How to remove all rows of a datframe column that contain a question mark instead of occupation


This is my attempt:

df['occupation']= df['occupation'].str.replace('?',  '')

df.dropna(subset=['occupation'], inplace=True)

but it is not working, How do i remove all of the rows of the occupation column that i read from a csv file that contain a ? rather than an occupation


Solution

  • Clean up the white space and use an 'unselect' filter:

    import pandas as pd
    bugs = ['grasshopper','cricket','ant','spider']
    fruit = ['lemon','komquat','watermelon','apple']
    squashed = ['  ?   ','Yes','No','Eww']
    
    df = pd.DataFrame(list(zip(bugs,fruit,squashed)), columns = ['Bugs','Fruit','Squashed'])
    print(df.head())
    

    enter image description here

    df = df[df['Squashed'].apply(lambda x: x.strip()) != '?']
    print('after stripping white space and after unselect')
    print(df.head())
    

    enter image description here

    Why

    The dataframe method .dropna() won't detect blanks (ie '') but will look for Nan or NaT or None.

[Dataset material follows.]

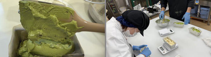 バターに空気が入り色が変わる様子や混ぜるタイミングなど、細かい部分に注意しながら作成していきました。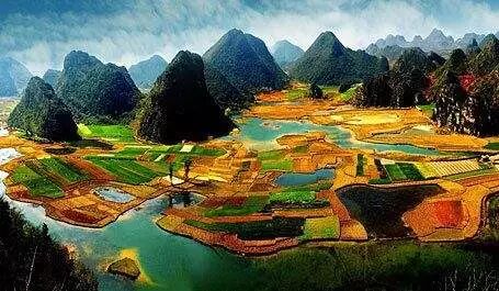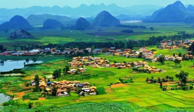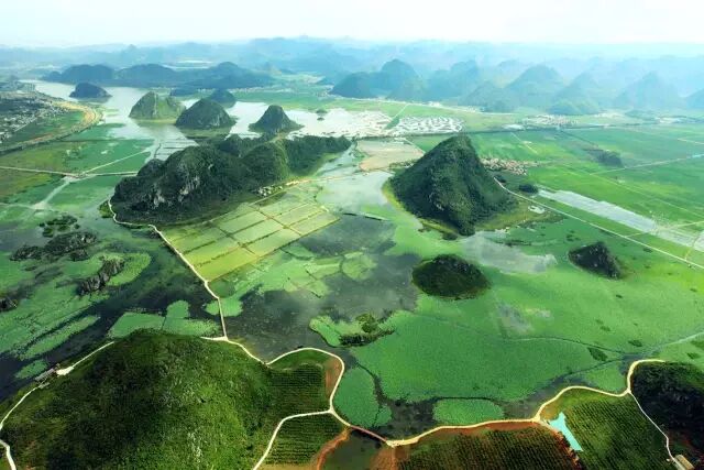 200多座喀斯特小山峰、村舍、农田和草场组成

    https://pandas.pydata.org/pandas-docs/stable/reference/api/pandas.DataFrame.dropna.html

    However, using .replace() to set the value to missing won't work because .replace() requires the type to match and None doesn't match any type you'll have in a column already.

    Better to clean up the white space (which is the simple case) using lambda on each entry to apply the string transformation.